INFORMATION PROVIDED
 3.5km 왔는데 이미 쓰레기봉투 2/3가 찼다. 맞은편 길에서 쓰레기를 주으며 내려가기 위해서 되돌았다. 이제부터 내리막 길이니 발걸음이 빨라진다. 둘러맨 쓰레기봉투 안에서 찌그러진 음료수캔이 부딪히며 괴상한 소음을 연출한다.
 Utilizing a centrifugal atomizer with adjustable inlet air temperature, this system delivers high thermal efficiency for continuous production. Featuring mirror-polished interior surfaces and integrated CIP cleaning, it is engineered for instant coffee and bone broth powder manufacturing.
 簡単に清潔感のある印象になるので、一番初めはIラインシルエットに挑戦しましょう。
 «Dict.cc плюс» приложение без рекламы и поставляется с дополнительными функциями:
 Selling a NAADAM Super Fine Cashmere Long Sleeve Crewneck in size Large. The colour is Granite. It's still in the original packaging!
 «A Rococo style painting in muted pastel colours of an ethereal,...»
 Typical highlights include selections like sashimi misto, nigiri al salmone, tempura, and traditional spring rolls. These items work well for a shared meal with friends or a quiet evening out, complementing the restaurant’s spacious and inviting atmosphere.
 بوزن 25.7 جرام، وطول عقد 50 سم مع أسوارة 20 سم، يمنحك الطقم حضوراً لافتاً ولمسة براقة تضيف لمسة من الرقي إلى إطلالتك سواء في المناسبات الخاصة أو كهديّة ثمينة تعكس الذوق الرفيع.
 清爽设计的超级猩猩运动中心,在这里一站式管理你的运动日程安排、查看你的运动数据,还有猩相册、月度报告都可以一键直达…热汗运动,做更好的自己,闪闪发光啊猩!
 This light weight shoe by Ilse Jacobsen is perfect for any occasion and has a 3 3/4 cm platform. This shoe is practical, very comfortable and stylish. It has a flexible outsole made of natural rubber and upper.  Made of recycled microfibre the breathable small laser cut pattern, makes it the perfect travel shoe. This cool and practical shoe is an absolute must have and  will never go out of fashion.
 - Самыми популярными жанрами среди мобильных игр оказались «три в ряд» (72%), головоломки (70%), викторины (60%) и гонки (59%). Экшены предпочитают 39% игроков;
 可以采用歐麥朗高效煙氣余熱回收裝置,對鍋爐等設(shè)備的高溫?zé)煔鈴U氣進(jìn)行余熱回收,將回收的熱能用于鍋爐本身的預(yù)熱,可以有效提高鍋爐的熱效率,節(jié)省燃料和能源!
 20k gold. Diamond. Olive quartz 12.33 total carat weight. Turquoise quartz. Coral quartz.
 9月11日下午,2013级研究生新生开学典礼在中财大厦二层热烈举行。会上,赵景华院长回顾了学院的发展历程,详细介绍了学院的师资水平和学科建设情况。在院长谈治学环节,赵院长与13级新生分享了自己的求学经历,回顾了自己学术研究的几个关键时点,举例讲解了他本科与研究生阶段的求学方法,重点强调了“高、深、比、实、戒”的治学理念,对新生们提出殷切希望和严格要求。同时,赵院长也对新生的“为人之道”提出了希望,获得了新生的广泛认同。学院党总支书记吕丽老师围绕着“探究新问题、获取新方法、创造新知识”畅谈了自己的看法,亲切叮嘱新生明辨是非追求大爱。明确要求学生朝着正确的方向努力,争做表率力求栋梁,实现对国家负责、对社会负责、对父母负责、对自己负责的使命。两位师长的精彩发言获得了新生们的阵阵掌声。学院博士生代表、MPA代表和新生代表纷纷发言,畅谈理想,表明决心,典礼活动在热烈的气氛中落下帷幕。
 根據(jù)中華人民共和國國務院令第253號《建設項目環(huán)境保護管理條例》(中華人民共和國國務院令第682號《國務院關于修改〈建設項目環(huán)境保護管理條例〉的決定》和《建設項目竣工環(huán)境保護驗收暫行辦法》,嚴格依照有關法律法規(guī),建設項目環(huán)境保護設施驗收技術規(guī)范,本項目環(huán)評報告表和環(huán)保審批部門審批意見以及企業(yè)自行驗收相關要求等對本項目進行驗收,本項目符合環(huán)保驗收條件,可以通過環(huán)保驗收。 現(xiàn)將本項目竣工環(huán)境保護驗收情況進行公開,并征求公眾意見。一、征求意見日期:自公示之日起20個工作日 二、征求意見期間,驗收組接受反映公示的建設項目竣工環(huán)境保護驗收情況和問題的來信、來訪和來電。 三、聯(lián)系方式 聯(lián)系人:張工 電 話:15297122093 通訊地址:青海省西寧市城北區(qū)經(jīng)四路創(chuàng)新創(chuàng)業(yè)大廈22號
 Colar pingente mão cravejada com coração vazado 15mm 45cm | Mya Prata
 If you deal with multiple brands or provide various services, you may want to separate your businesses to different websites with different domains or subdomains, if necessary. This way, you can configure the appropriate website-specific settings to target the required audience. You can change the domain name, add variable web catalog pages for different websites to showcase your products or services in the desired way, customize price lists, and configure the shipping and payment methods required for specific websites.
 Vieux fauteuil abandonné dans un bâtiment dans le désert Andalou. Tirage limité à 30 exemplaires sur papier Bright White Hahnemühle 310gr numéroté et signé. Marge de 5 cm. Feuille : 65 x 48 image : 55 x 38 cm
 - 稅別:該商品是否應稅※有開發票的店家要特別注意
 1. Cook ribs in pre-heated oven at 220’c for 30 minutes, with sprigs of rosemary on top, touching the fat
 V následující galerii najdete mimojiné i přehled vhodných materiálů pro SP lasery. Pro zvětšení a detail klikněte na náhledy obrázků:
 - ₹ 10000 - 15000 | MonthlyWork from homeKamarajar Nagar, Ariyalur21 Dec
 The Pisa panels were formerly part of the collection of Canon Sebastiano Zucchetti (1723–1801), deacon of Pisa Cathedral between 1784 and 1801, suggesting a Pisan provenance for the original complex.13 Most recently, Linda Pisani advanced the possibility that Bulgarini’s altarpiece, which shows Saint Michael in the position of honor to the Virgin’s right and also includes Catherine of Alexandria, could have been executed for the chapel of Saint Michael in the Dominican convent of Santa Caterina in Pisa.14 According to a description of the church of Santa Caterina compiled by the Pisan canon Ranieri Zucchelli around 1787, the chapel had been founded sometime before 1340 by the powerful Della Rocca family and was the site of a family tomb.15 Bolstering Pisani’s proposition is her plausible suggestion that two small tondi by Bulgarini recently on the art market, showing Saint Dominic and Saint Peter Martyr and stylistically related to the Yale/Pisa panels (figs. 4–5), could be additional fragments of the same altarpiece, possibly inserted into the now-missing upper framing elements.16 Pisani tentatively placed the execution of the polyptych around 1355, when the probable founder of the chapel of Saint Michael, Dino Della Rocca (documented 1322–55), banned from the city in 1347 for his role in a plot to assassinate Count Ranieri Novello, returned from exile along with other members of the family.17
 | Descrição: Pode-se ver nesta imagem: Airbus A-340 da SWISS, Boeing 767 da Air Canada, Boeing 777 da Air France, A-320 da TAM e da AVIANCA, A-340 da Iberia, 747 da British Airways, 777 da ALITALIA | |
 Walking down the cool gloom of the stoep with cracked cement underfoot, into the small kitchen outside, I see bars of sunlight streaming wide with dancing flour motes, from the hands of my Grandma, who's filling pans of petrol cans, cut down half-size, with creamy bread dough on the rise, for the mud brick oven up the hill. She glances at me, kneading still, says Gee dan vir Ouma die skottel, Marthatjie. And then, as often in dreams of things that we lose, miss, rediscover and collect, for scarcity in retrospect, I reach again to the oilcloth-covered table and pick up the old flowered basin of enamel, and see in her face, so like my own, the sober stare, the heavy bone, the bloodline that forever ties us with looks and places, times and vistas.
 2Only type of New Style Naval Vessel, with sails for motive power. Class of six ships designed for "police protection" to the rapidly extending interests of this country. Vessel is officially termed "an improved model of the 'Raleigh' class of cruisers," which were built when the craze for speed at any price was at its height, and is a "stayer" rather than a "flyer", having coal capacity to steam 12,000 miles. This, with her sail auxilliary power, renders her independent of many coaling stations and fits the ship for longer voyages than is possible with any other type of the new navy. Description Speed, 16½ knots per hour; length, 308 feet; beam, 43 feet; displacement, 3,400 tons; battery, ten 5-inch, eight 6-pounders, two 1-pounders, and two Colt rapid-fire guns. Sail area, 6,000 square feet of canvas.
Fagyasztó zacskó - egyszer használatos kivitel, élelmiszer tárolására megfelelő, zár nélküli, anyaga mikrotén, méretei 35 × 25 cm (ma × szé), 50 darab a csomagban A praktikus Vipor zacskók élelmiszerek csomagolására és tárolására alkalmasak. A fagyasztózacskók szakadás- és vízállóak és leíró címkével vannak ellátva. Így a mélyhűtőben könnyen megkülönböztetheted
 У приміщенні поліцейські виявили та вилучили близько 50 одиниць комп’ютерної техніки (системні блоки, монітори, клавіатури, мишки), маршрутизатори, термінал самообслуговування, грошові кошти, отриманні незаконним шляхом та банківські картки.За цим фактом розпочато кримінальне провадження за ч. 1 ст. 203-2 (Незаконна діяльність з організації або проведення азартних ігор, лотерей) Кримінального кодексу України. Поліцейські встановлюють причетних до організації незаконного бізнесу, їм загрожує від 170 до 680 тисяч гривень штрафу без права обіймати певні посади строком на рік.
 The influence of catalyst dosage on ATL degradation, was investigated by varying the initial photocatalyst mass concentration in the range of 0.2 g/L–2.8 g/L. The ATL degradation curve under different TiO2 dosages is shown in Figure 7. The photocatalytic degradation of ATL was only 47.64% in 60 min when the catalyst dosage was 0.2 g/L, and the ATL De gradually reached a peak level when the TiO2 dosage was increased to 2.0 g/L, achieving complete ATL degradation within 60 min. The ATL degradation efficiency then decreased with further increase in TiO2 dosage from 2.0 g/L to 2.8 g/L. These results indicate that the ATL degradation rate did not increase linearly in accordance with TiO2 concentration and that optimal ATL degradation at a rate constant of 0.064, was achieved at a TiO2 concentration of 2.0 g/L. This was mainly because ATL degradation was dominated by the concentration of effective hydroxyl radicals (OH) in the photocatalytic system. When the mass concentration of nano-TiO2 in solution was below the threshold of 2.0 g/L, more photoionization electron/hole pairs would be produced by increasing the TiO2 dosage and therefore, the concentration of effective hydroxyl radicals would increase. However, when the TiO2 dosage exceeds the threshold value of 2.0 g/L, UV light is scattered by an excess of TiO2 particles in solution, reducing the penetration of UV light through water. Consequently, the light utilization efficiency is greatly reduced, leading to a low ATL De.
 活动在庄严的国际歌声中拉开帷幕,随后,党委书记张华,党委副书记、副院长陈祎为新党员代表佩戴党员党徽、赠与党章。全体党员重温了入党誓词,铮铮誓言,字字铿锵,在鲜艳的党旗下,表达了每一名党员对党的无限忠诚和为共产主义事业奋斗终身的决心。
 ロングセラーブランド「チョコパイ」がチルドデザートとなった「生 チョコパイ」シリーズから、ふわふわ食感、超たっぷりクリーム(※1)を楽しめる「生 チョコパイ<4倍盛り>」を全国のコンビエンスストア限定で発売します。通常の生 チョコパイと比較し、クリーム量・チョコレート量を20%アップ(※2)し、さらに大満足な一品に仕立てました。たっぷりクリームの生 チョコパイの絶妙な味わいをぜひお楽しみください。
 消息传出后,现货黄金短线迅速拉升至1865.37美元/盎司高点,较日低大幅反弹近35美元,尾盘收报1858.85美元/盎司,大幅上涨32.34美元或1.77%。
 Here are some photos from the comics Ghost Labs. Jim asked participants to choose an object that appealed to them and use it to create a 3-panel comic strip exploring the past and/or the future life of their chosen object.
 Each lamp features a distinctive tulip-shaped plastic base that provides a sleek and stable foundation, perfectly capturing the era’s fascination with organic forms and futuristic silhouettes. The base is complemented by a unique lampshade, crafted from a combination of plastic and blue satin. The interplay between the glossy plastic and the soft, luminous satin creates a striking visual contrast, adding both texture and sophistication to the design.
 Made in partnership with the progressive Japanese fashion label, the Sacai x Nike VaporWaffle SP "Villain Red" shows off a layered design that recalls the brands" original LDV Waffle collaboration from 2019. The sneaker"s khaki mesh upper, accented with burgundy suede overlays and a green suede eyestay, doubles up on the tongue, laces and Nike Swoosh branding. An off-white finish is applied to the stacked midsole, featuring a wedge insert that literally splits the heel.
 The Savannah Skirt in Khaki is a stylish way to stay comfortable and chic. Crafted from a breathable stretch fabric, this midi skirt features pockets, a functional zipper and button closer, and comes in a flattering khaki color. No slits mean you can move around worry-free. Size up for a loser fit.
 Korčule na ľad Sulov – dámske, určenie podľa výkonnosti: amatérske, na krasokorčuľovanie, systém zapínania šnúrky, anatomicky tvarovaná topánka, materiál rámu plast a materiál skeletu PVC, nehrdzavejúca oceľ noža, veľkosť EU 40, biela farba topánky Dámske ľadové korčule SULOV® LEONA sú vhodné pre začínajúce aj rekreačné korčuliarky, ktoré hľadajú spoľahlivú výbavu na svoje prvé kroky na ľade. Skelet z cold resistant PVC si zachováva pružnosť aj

ACTIVITY
Retype, exactly and in full, the listing from its first line to the one holding "Rococo style painting", both included.

EXERCISE RESPONSE
 3.5km 왔는데 이미 쓰레기봉투 2/3가 찼다. 맞은편 길에서 쓰레기를 주으며 내려가기 위해서 되돌았다. 이제부터 내리막 길이니 발걸음이 빨라진다. 둘러맨 쓰레기봉투 안에서 찌그러진 음료수캔이 부딪히며 괴상한 소음을 연출한다.
 Utilizing a centrifugal atomizer with adjustable inlet air temperature, this system delivers high thermal efficiency for continuous production. Featuring mirror-polished interior surfaces and integrated CIP cleaning, it is engineered for instant coffee and bone broth powder manufacturing.
 簡単に清潔感のある印象になるので、一番初めはIラインシルエットに挑戦しましょう。
 «Dict.cc плюс» приложение без рекламы и поставляется с дополнительными функциями:
 Selling a NAADAM Super Fine Cashmere Long Sleeve Crewneck in size Large. The colour is Granite. It's still in the original packaging!
 «A Rococo style painting in muted pastel colours of an ethereal,...»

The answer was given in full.